Quinze ans après Esposito (1996), également dans la revue Lurelu, Dufresne (2011, 17) a fait le même exercice : « Première constatation quant au sujet, il n’est guère plus populaire qu’il y a dix ans. À l’époque, une dizaine de romans étaient répertoriés, ce qui est à peu près semblable à la production de la dernière décennie ». Dufresne estime qu’au moins un titre de littérature jeunesse abordant l’homosexualité a été publié par année entre 1996 et 2011, ce qu’elle considère comme très peu.

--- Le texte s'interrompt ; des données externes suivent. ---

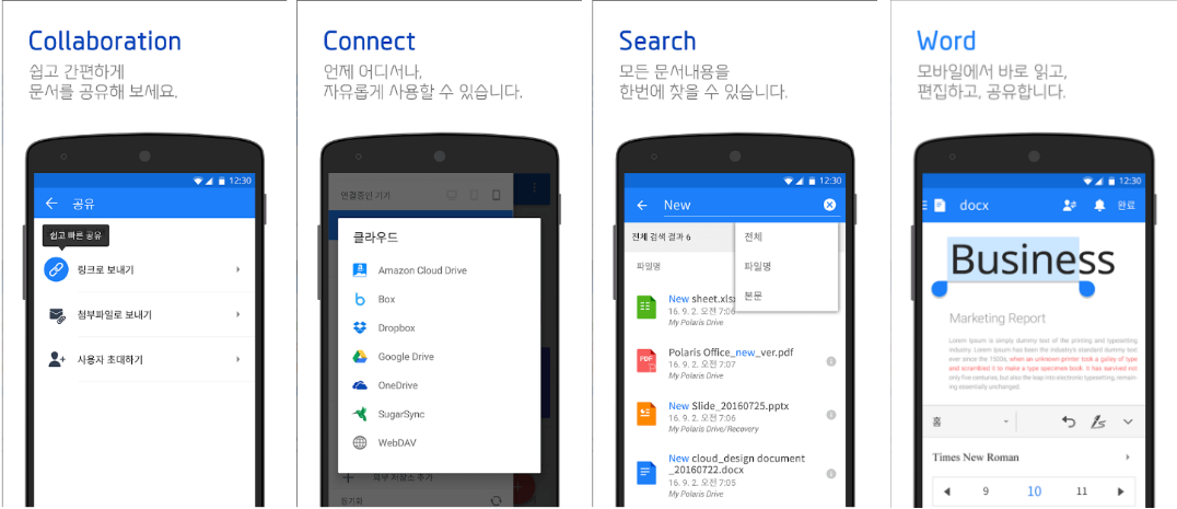 • 데스크탑, 태블릿 그리고 Android폰까지, 당신의 모든 문서들이 Polaris 드라이브나 다른 클라우드 공간에 최신버전으로 업데이트 됩니다.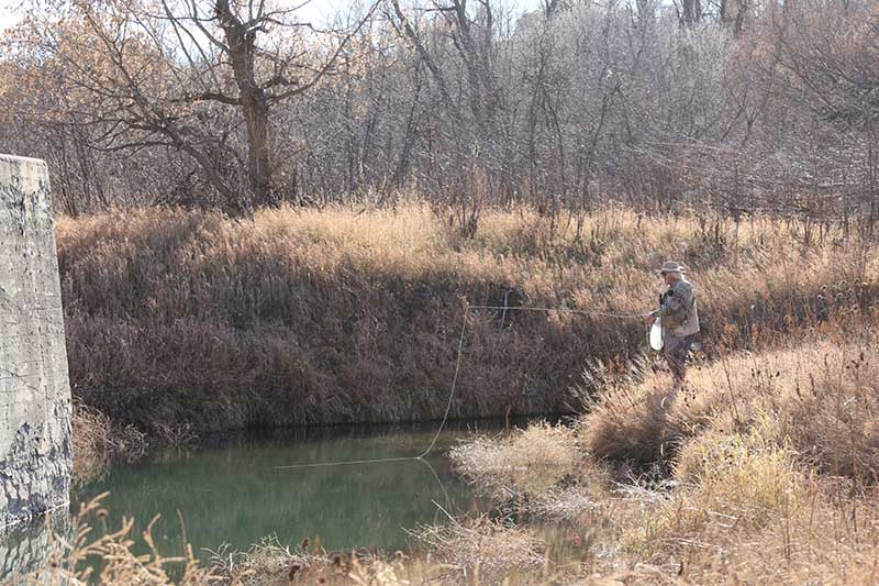 Sandra slings her line toward a nook where some fish are hiding along the White River in Sioux County, Nebraska. The White River rises in northwestern Nebraska, in the Pine Ridge escarpment north of Harrison, at an elevation of 4,861 feet (1,482 m) above sea level.

Bien que nous n’ayons pas, pour notre part, procédé à un inventaire exhaustif des œuvres de littérature jeunesse à contenu LGBTQ distribuées au Québec, notre seule liste de vérification contient 17 titres de littérature jeunesse québécoise à contenu LGBTQ parus entre 2013 et 2018. Nous en avons donc répertorié suffisamment pour croire que la situation a évolué depuis la publication de l’article de Dufresne. Par ailleurs, soulignons que les romans recensés par Dufresne (2011, 33) s’adressaient principalement aux ados. Un seul roman s’adressait aux lecteurs de 10 ans et plus et deux albums s’adressaient aux jeunes de sept ans et moins. Ces deux albums sont Marius (2001) et Ulysse et Alice (2006). Le second, Ulysse et Alice, figure aussi dans notre liste de vérification.

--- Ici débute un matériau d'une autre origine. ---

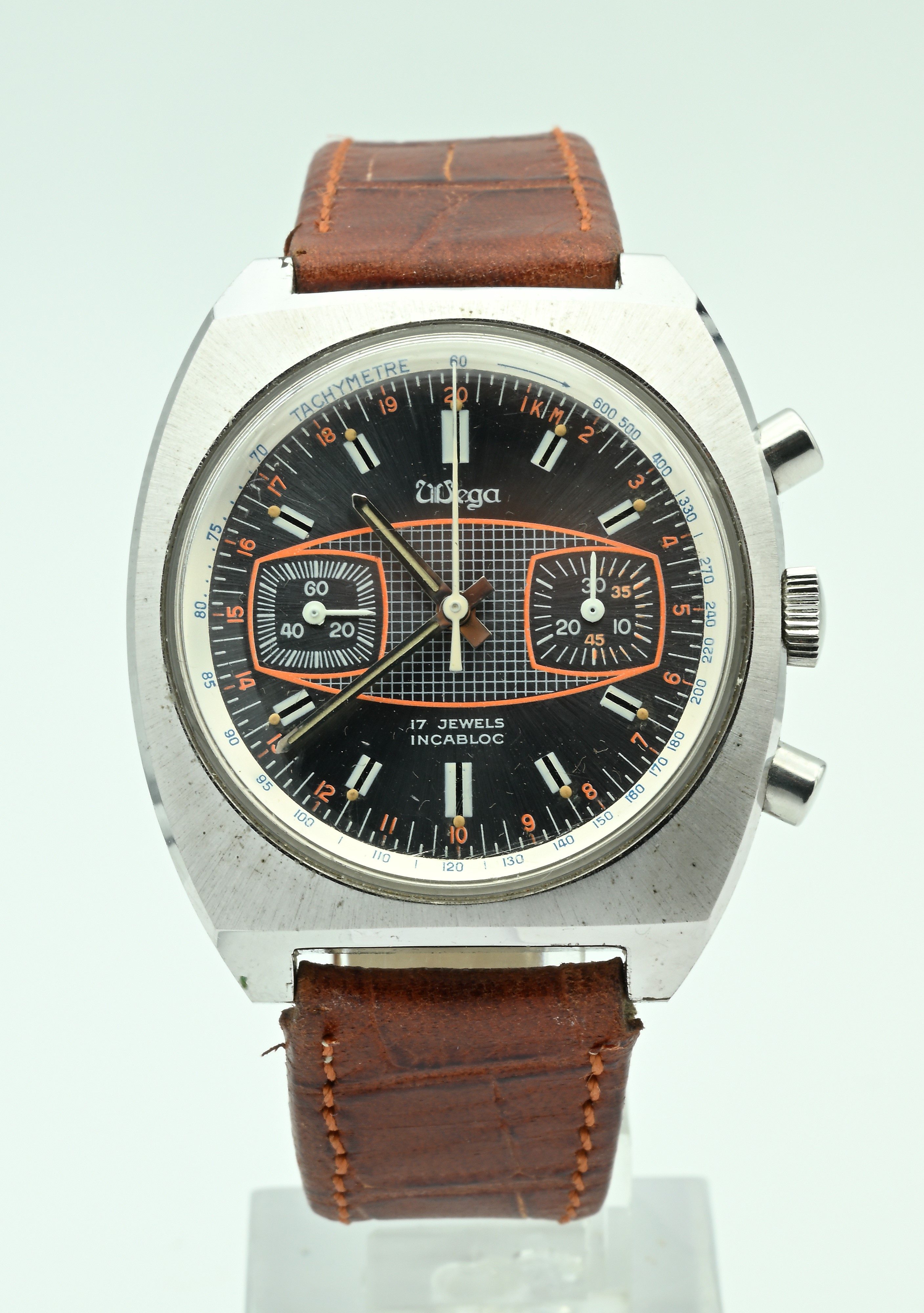 Wega 2250 - Orologio da polso cronografo da uomo con meccanismo a carica manuale ETA 7733. Cassa in metallo cromato e fondello in acciaio, anni '70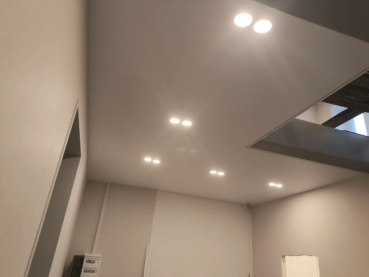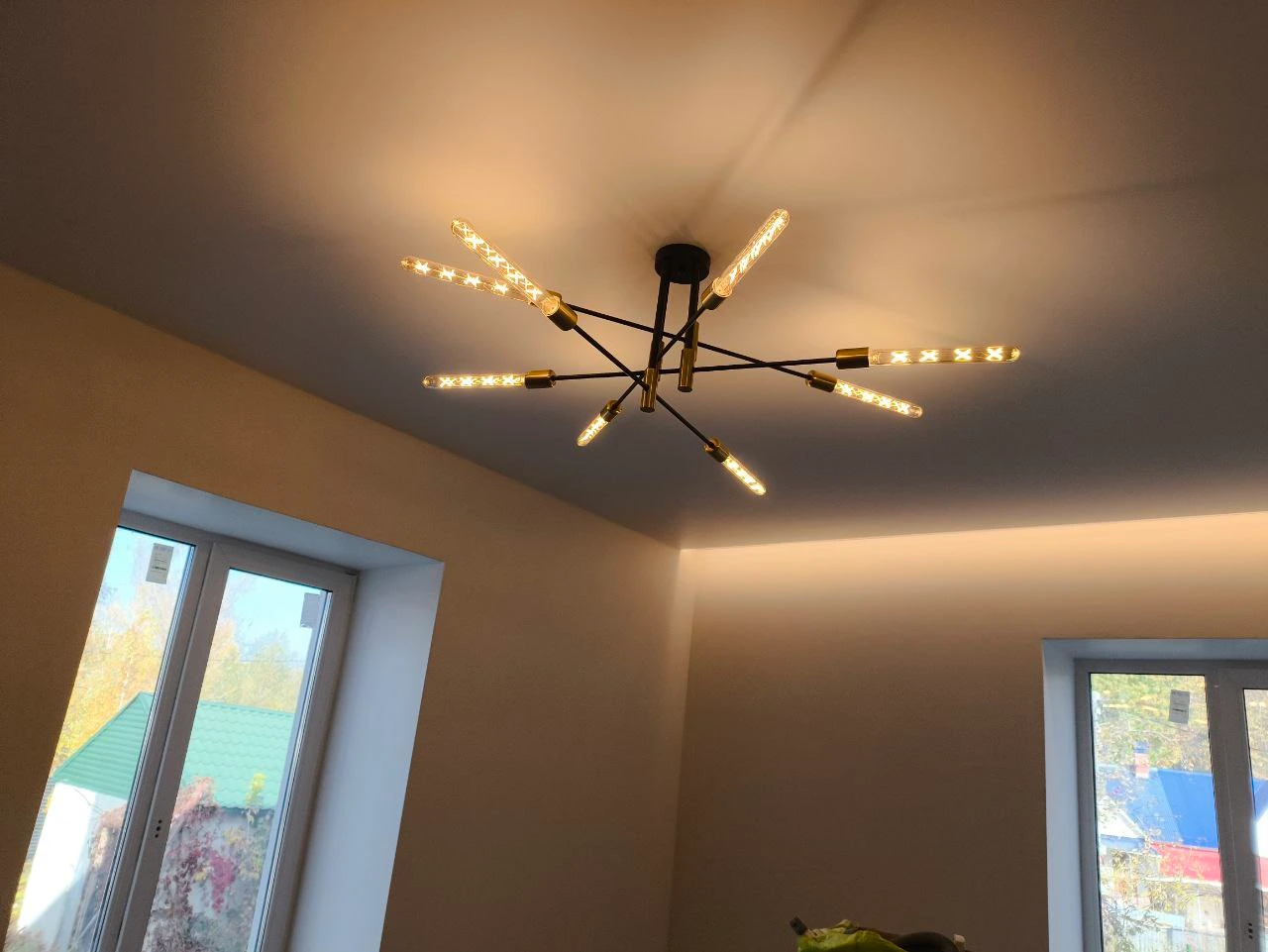 Затяжной массивный объект, на котором мы зависли практически на месяц. В доме проект по потолкам включает в себя монтаж светильников BH53 - 122 штуки, парящий профиль с теплой подсветкой и с музыкальной RGB подсветкой, обход лестничного пролета профилем flexy brus 06 белого цвета, световые линии общей длиной 11 метров с теплым светом, монтаж теневых диффузоров и вентиляторов с теневым зазором, монтаж кронштейнов собственной разработки для подвесных кресел, переоборудование вентиляции, монтаж скрытых карнизов ПК15 сложной формы под эркер с подсветкой. Профиль по стенам преимущественно обычный со вставкой.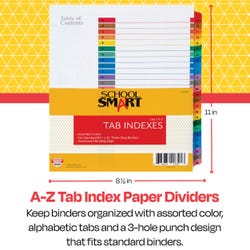 School Smart A-Z Tab Index Paper Dividers, Assorted Colors

Le principal changement que Dufresne (2011, 17) observe, par rapport à Esposito (1996), a trait au contenu LGBTQ particulier des œuvres : « Si les romans des années 80 et 90 parlaient presque uniquement d’homosexualité masculine, les récentes publications accordent une place plus grande au lesbianisme ». Dans son analyse, elle classe les œuvres gaies et lesbiennes recensées en trois catégories : « D’abord, et en plus grand nombre, on retrouve les romans où l’homosexualité – plus précisément, la découverte de l’homosexualité – est au cœur de l’histoire. Ensuite il y a les romans et albums où le nœud de l’histoire tourne autour d’un parent homosexuel. Finalement, on trouve deux romans où apparaît un personnage secondaire homosexuel » (Dufresne 2011, 17). Plusieurs des titres de notre liste

de vérification tombent aussi dans ces catégories. Notre liste, il faut le souligner, comporte de plus des contenus trans et bisexuel. Le thème du coming out y est également présent, mais tous les romans gais et lesbiens de notre liste ne s’articulent pas autour de ce thème.